Monday, July 11, 2011

The Evolution of Reading


The Boston Globe has put together a three-part series about the past, present and future of reading.

From the essay in Part One...

To learn to read, after all, is a descent into silence. I can still conjure the school room where I first began to puzzle out words on a page: our wooden desks, the map of the world rolled up above the chalkboard, green canvas shades partially drawn over high windows, manila cards strung around the room, which illustrated the alphabet in cursive script. We sat at our desks and read our pages aloud, mouthing syllables amongst each other, if not to each other, and to our teacher. Stumbling, smoothing, repeating the words again and again. How quickly we took to it might determine whether we would outdistance our parents - farmers, plumbers, small-business owners, housewives - or follow in their footsteps. Soon, we began whispering the words to ourselves, then mouthing them silently. Finally they sped by faster than we could possibly say. How long that all took I now have no idea, but the silence, I know, was an accomplishment.
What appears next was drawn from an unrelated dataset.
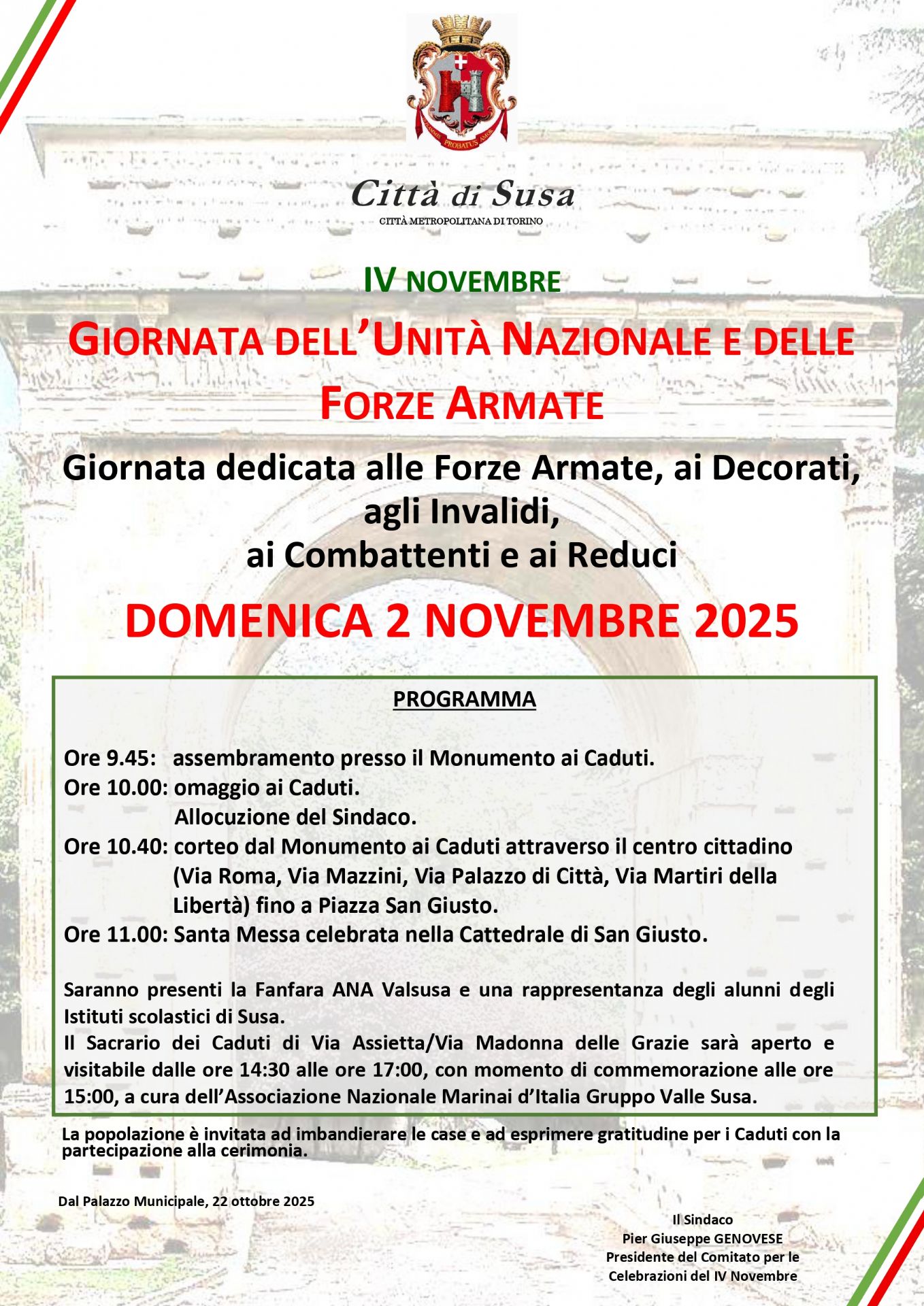 Saranno presenti la Fanfara ANA Valsusa e una rappresentanza degli alunni degli alunni degli Istituti scolastici di Susa.

I’ve always believed that the silence surrounding my reading was a cleared space for attention in a noisy, busy world, and that my eye running across the page had to be an asset since I’ll never read all the books I’d like to, and there are hundreds of thousands more being published every year. Yet, I remember so little of all my reading and rereading. Even when I try to recall the books that have grabbed me by the throat, I can conjure no more than a few scenes, or the bare outlines of a plot, or a striking line: “When it rains we would like to cry.’’ Where does the absorption in the moment go? Why isn’t there more space for all those hours in the cramped and cluttered place I imagine my memory to be?

1 comment:

David Scott said...

For me reading is a way to silence the noise around me.